Re: squashfs can starve/block apps

"Joakim Tjernlund (Nokia)" <joakim.tjernlund@xxxxxxxxx> · Sun, 6 Jul 2025 09:46:09 +0000

On Fri, 2025-07-04 at 20:51 +0100, Phillip Lougher wrote:
>
>
> > On 26/06/2025 15:27 BST Joakim Tjernlund (Nokia) <joakim.tjernlund@xxxxxxxxx> wrote:
> >
> >
> > On Thu, 2025-06-26 at 10:09 +0200, Joakim Tjernlund wrote:
> > > We have an app running on a squashfs RFS(XZ compressed) and a appfs also on squashfs.
> > > Whenever we validate an SW update image(stream a image.xz, uncompress it and on to /dev/null),
> > > the apps are starved/blocked and make almost no progress, system time in top goes up to 99+%
> > > and the console also becomes unresponsive.
> > >
> > > This feels like kernel is stuck/busy in a loop and does not let apps execute.
> > >
>
> I have been away at the Glastonbury festival, hence the delay in replying.

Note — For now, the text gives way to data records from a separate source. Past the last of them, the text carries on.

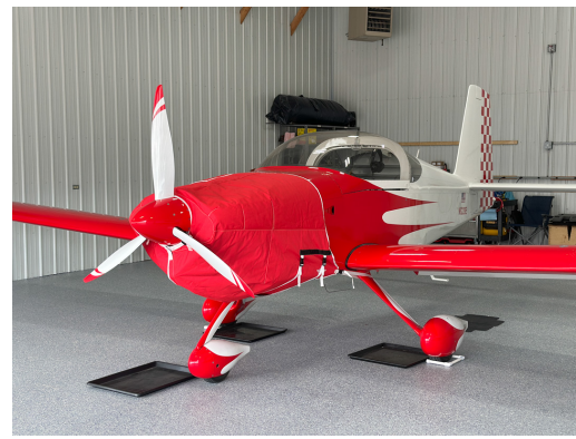
Van's RV-9A Insulated Engine Cover with oil door access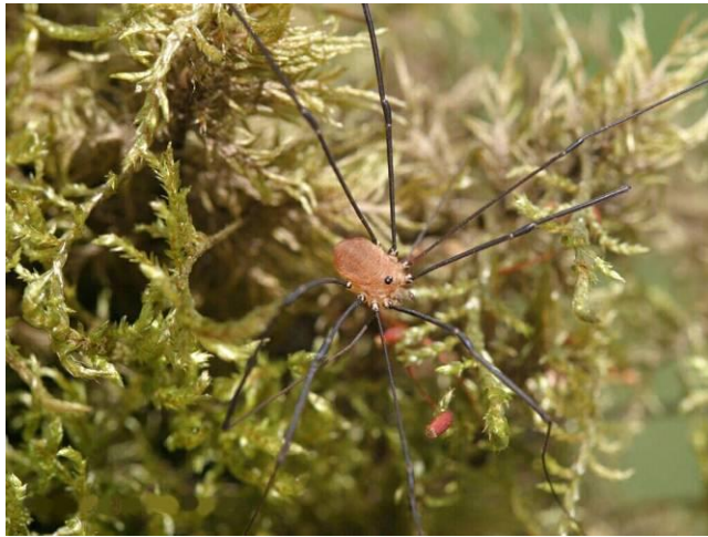
Figure 2. Leibunum rotundum male on mosses, demonstrating the slender black legs of this species.

proposition. On the other hand, these long legs permit them to move quickly across the surface without attracting undue attention. They are light weight, and their long legs act like a spring board, softening their impact as they run, another feature that is useful for running across loose vertical bryophyte structures.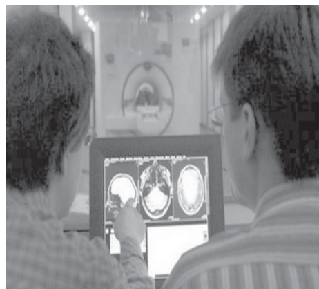
Researchers at the University of Cambridge said they have found that alemtuzumab, a drug originally developed to treat leukaemia, can halt and even reverse the debilitating effects of multiple sclerosis (MS).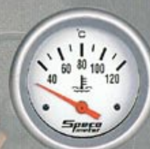
2 5/8" 537-30 40-120°C elect water temp white dial-silver bezel includes sender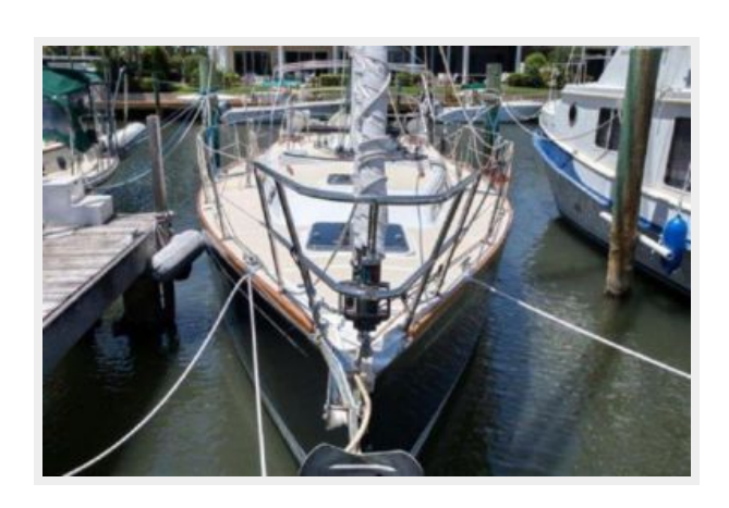
Wide side decks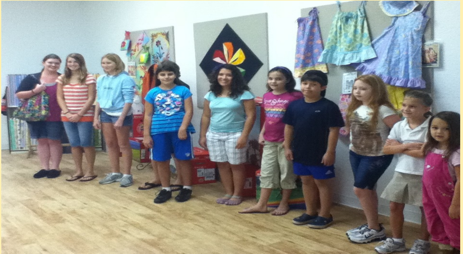
Sew Central Field Trip- October 18, 2011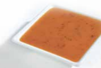
Asia Sauce AGF* Art. No. 251024 Excellent for gourmet Asian cuisine with chicken or pork.

All sauces come ready to use in a practical 3-kg pail. No artificial flavour enhancers. Simple portioning: 500 g sauce for 1 kg meat.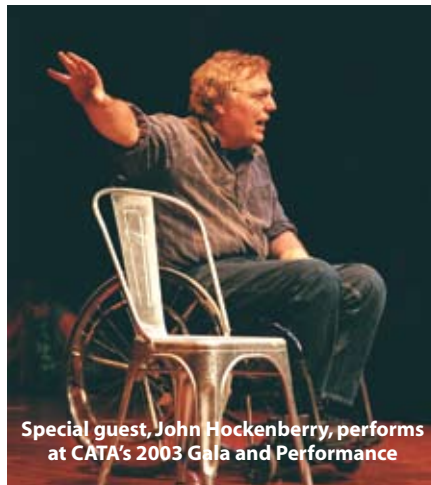
Special guest, John Hockenberry, performs at CATA's 2003 Gala and Performance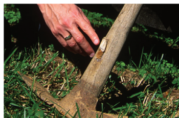
Ann Czapiewski, USDA

Gypsy moth egg masses can be found on outdoor equipment and tools that sit outside. Inspect equipment and tools for gypsy moth egg masses before a move.

But
> this isn't really anything to do with Squashfs per se, and basic computer
> science theory explains what is going on here.  So I'm surprised no-else has
> responded.
>
> > > Kernel 5.15.185
> > >
> > > Any ideas/pointers ?
>
> Yes,
>
> > >
> > >  Jocke
> >
> > This will reproduce the stuck behaviour we see:
> >  > cd /tmp (/tmp is an tmpfs)
> >  > wget
> > https://fullimage.xz/
>
> You've identified the cause here.
>
> >
> > So just downloading it to tmpfs will confuse squashfs, seems to
> > me that squashfs somehow see the xz compressed pages in page cache/VFS and
> > tried to do something with them.
>
> But this is the completely wrong conclusion.  Squashfs doesn't "magically"
> see files downloaded into a different filesystem and try to do something
> with them.
>
> What is happening is the system is thrashing, because the page cache doesn't
> have enough remaining space to contain the working set of the running
> application(s).
>
> See Wikipedia article
> https://en.wikipedia.org/wiki/Thrashing_(computer_science)
>
> Tmpfs filesystems (/tmp here) are not backed by physical media, and their
> content are stored in the page cache.  So in effect if fullImage.xz takes
> most of the page cache (system RAM), then there is no much space left to store
> the pages of the applications that are running, and they constantly replace
> each others pages.
>
> To make it easy, imagine we have two processes A and B, and the page cache
> doesn't have enough space to store both the pages for processes A and B.
>
> Now:
>
> 1. Process A starts and demand-pages pages into the page cache from the
>    Squashfs root filesystem.  This takes CPU resources to decompress the pages.
>    Process A runs for a while and then gets descheduled.
>
> 2. Process B starts and demand-pages pages into the page cache, replacing
>    Process A's pages.  It runs for a while and then gets descheduled.
>
> 3 Process A restarts and finds all its pages have gone from page cache, and so
>   it has to re-demand-page the pages back.  This replaces Process B's pages.
>
> 4. Process B restarts and finds all its pages have gone from the page cache ...
>
> In effect the system spends all it's time reading pages from the
> Squashfs root filesystem, and doesn't do anything else, and hence it looks
> like it has hung.
>
> This is not a fault with Squashfs, and it will happen with any filesystem
> (ext4 etc) when system memory is too small to contain the working set of
> pages.
>
> Now, to repeat what has caused this is the download of that fullImage.xz
> which has filled most of the page cache (system RAM).  To prevent that
> from happening, there are two obvious solutions:
>
> 1. Split fullImage.xz into pieces and only download one piece at a time.  This
>    will avoid filling up the page cache and the system trashing.
>
> 2. Kill all unnecessary applications and processes before downloading
>    fullImage.xz.  In doing that you reduce the working set to RAM available,
>    which will again prevent thrashing.
>
> Hope that helps.
>
> Phillip

You are absolutely right, above was low RAM due to filling the tmpfs RAM.
But what threw me off was that I observed the same when streaming XZ to /dev/null.

After som digging I found why, some XZ options do not respect "-0" presets
w.r.t dict size and reset it back to default. Once I changed from
  "-0 --check=crc32 --arm --lzma2=lp=2,lc=2"
to
  "-0 --check=crc32 --lzma2=dict=128KiB"
I got a stable system.

Perhaps xz -l could be improved to include dict size to make this more obvious?

 Jocke